Another way to print two lines into one:

cat myfile | paste -d, - - > ouput
Cat is not needed in fact but the writing of the command is more clear: < myfile paste -d, - - > output

paste can read different files. Instead of a file name, we can use - (dash). Paste takes the first line from file1. Then, it wants to read the first line from file2.
However, since the first line of stdin is already read and processed, the next input is to read and process the second line. This glues the second line to the first


If a good energy is 9 and bad is 3, I can sort based on the energy, I can do:
sort -n -r -k1,1  outputfile1
the -n is number, -r is reverse order, -k1,1 is first field
i get:
9 9999899989
7 ZINC00006468
5 9999899985
3 ZINC00006468

Then i can fetch only the compound IDs after sorting

sort -n -r -k1,1  outputfile1 | awk '{print $2}' > ID_numbers_sorted.txt

Combine all to try:

awk '/@<TRIPOS>MOLECULE|Computed Energy/ {getline; print $1}' small_database_no_underscore.mol2 | awk 'BEGIN{i=1}{line[i++]=$0}END{j=1; while (j<i) {print line[j+1] , line[j]; j+=2}}' | sort -n -r -k1,1  | awk '{print $2}'  > ID_numbers_sorted.txt

or with the underscore in the database for the docked compound IDs (here it can be different poses of the docked compounds, _01, _02...) and with cat:
cat small_database_with_underscores_on_IDs.mol2 | awk 'BEGIN {FS="_" } /@<TRIPOS>MOLECULE|Computed Energy/ {getline; print $1}'  | awk 'BEGIN{i=1}{line[i++]=$0}END{j=1; while (j<i) {print line[j+1] , line[j]; j+=2}}' | sort -n -r -k1,1  | awk '{print $2}' > ID_numbers_sorted.txt

If i have in the mol2 file:

@<TRIPOS>MOLECULE
93894861_008
 52 54 0 0 0
SMALL
NO_CHARGES


@<TRIPOS>ATOM
1    Cl       31.1781   13.6798   13.8999  Cl
    51   22   49 1
    52   22   50 1
    53   29   51 1
    54   29   52 1
@<TRIPOS>PROPERTY_DATA
  Total_Score   | 4.9061

It means I have the underscore on the compound IDs, this I want to remove and the Energy score is not written below a line that contains a specific string, but on the same line than a string

thus i have to change the above with:

 

cat small_database_with_underscores_on_IDs.mol2 | awk 'BEGIN {FS="_" } /@<TRIPOS>MOLECULE/ {getline; print $1} /Total/ {print $NF}' | awk 'BEGIN{i=1}{line[i++]=$0}END{j=1; while (j<i) {print line[j+1] , line[j]; j+=2}}' | sort -n -r -k3,3 | awk '{print $4}' > ID_numbers_sorted.txt

One intermediate view is like this:

Score    | 2.2927 98268304
Score    | 3.9573 99806113
Score    | 3.7241 99884208
Score    | 4.7876 99970627

Thus i need to sort on the 3rd column only (-k3,3) and then the compound IDs are in field 4 (thus the print $4)

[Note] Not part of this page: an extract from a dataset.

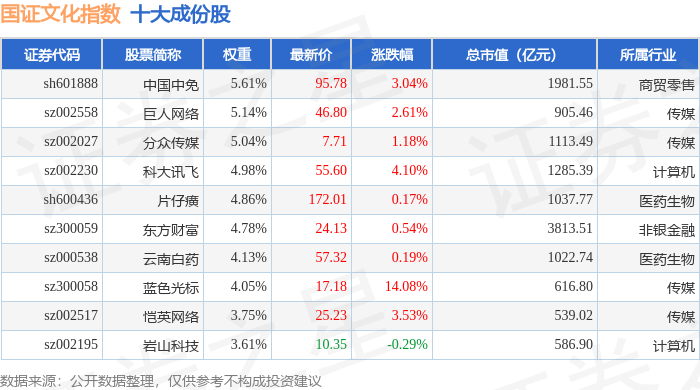 证券之星消息,1月9日,国证文化(399397)指数报收于2565.37点,涨3.88%,成交1162.67亿元,换手率6.51%。当日该指数成份股中,上涨的有46家,昆仑万维以19.99%的涨幅领涨,下跌的有3家,东阿阿胶以0.4%的跌幅领跌。

If underscores are a problem in the Mol2 file, they can be changed, for instance with 

cat mymol2file.mol2 | awk '{gsub(/\<NO_CHARGES\>/,"NO-CHARGES")}1' | awk '{gsub(/\<Total_Score\>/,"Total-Score")}1' > myoutput.mol2

gsub is global substitution and the \< \> to mark the edge of the string to substitute to avoid changing other words

other can be: awk '{gsub(/pattern/,"replacement",column_number)}' inputfile to act on specific field

like: awk '{gsub(/1/,"0",$1);}' file

exact match also with
awk '/^toto$/' myfile
the ^ and $ for start and end of the line

 

To check the number of lines in the compound ID file, possible to use:

awk 'NF{c++}END{print "total: "c}' myfile

instead of wc -l (may miss the last line depending how it ends)


see below for this one:
./extract_mol2_awk_script ID_numbers_sorted.txt small_database_no_underscore.mol2 MYCOMPOUND_ENERGY_SORTED.mol2

-----------

Extract molecules from Mol2 file if it matches a list of compound IDs present in another file

For example in one file you have the compound ID like this:
5247489
5523453
6072484
6190013

Also, important to remember it possible with Awk to define the Record Separator and the Field Separator, this way it can easier to handle MOL2 more easily. In this case, $0 (which is usually field 1) is now the complete description of a single molecule, excluding the starting signal like Tripos<molecule>.... $1 is the first line of the file (commonly used as a title with maybe the molecule name or not).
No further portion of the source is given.